Today is Disaster Preparedness Day, and emergency training exercises will be held in various places nationwide. The government’s disaster drill assumes a case in which there is a sudden earthquake with its focus just below the surface of the Tokyo metropolitan area. During the exercise, the Prime Minister’s Office will be linked to the Chiba prefectural government office through a teleconference, where the extent of damage will be checked and the dispatch of disaster-relief personnel discussed.
In coping with a massive earthquake, such swift responses by administrative authorities are desired. To protect the lives of as many people as possible, however, it is important for ordinary households and individuals to habitually think about what they can do for that purpose.
Can people walk home from their workplaces or schools in the center of Tokyo? How can they confirm the safety of their family members? If such matters are specifically discussed in advance, there is no need to think and act in haste when a quake actually hits. It is also advisable to check such matters as whether there are sufficient emergency provisions in one’s home and whether the furniture is properly secured.

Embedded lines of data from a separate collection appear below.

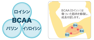 BCAA(= Branched Chain Amino Acids)とは、体内で作り出すことができない9種類の必須アミノ酸のうち、筋肉を構成している割合が特に高い、バリン、ロイシン、イソロイシンという3つのアミノ酸の総称です。
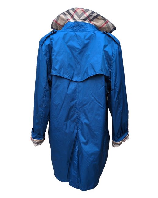 Burberry Lightweight Trench Coat. Burberry embossed buttons. Size - UK 18 IT 50. Colour - Blue. MISSING BELT . Length 35". 2 external pockets.
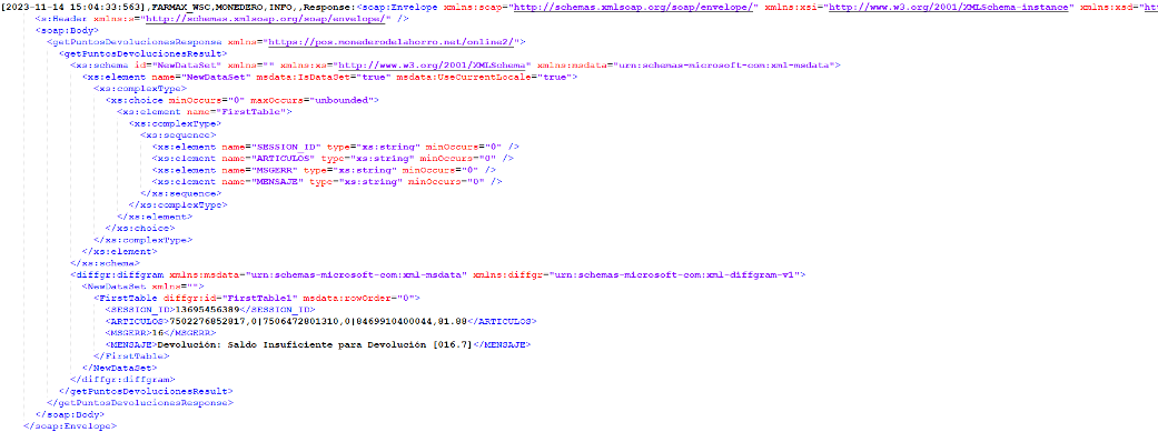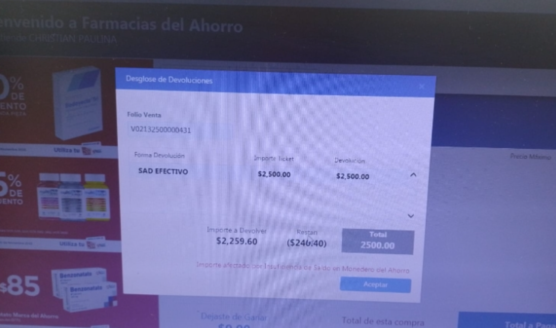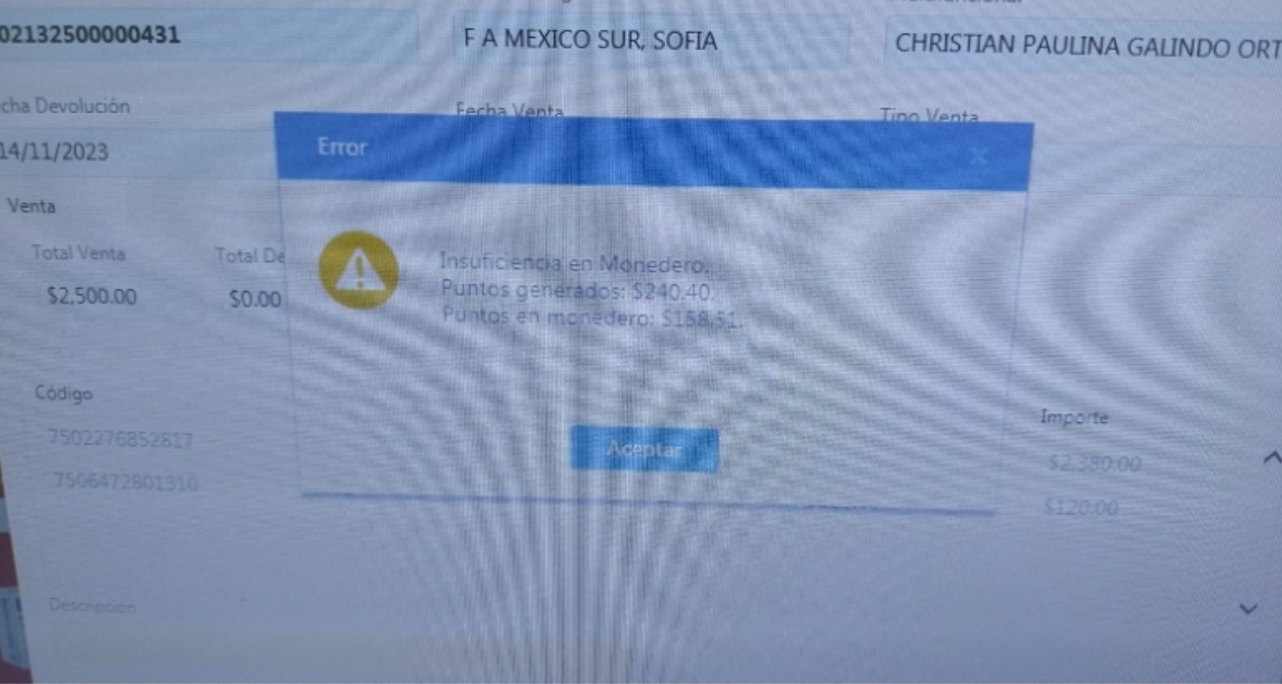 Se busca realizar una devolución pero saldo del monedero es insuficiente para poder devolver los puntos que se le otorgaron al momento de la compra. Se presenta mensaje en pantalla
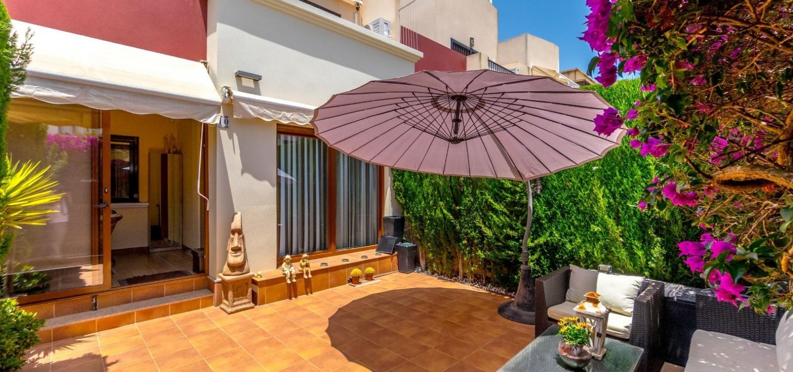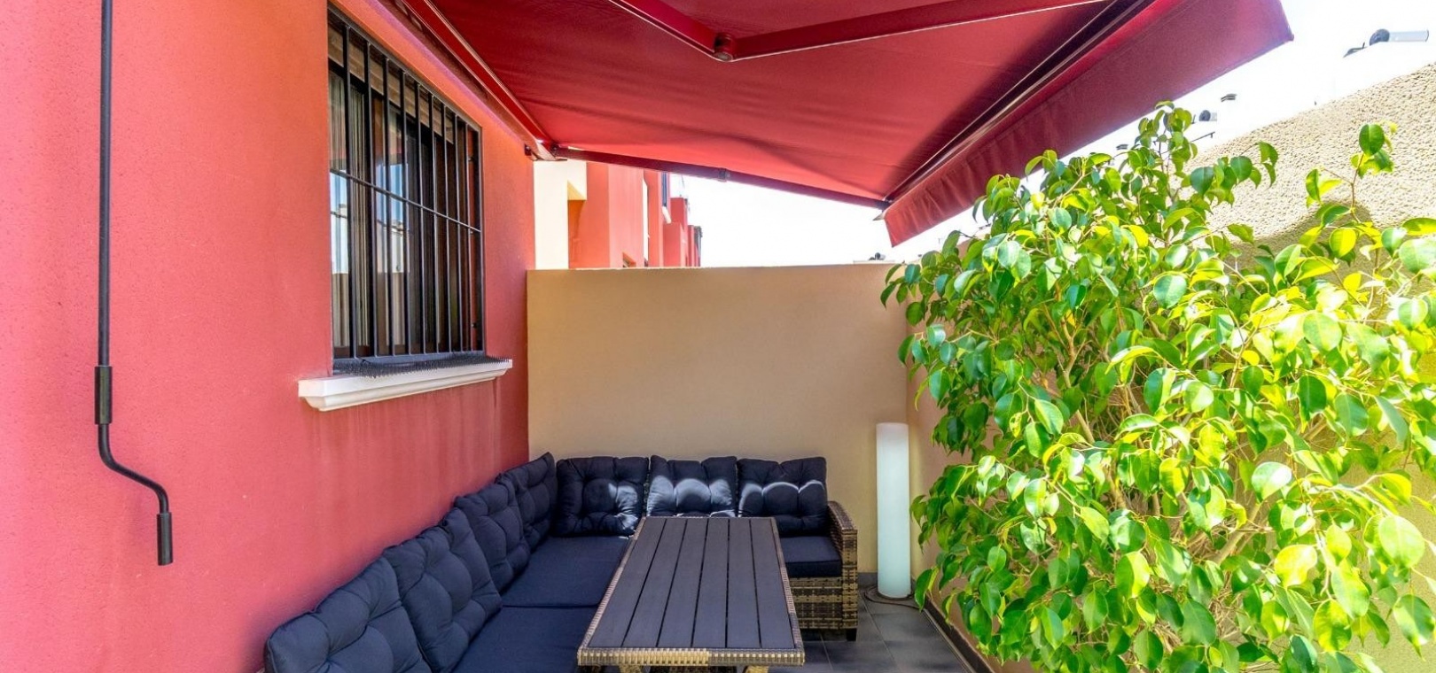 L'espace de vie extérieur est exceptionnel, avec une terrasse avant de 43 m² aménagée avec du mobilier de jardin en rotin, un patio arrière privé , un balcon à l'étage et un solarium privé de 40 m² – idéal pour profiter du climat méditerranéen toute l'année.

A case in point is a massive earthquake feared to occur with its focus originating in the Nankai Trough in the near future. An even greater expanse of damage will likely be caused by the earthquake than that resulting from a near-field quake in the metropolitan area. How to cope with a Nankai Trough earthquake is a very difficult problem, as there are various patterns in which it can occur.
Self-help measures vital
One possible case is a quake measuring a magnitude of 8 on the open-ended Richter scale occurring on the eastern side of the focal area. Although the possibility of a major quake also occurring on the western side of the area increases in this scenario, there is no telling when it will happen — a situation called a “half split.” Emergency information issued by the government to call for caution might be for naught on the western side of the focal area.
In tsunami-hazard areas along the Pacific Ocean, residents would evacuate. In that case, can railways and expressways be used? Will other city, town and village governments accept evacuees? There are so many uncertainties in this respect that relevant local governments are experiencing difficulties in drawing up evacuation plans.
A massive disaster can create problems that exceed the extent to which each city, town and village government can make necessary decisions on its own. The central government needs to be more actively involved in implementing such measures as facilitating wide-area evacuation systems and promoting coordination among local governments.
In recent years, flood damage has posed an even more immediate threat than earthquakes. On Aug. 28, emergency warnings about heavy rains were issued to residents in such prefectures as Saga and Fukuoka.
In May, the Edogawa Ward Office in Tokyo distributed flood-damage maps anticipating floods along the Edogawa and Arakawa rivers, telling local residents that it is dangerous to stay within the ward in such an event. The ward office urged residents to secure places to which they could evacuate by themselves, such as relatives’ homes outside the ward.
Confusion can be expected at the time of evacuation. It is important to make efforts for self-help — that is, not waiting for instructions from administrative authorities and voluntarily evacuating well before a disaster strikes.
If not only Edogawa, but also Koto and Adachi wards or elsewhere are flooded, the number of people covered by evacuation plans will reach up to 2.5 million. This will call into question Japan’s crisis management capacity on a national level. With the limits of local governments’ abilities in mind, the central government must consider necessary measures in advance.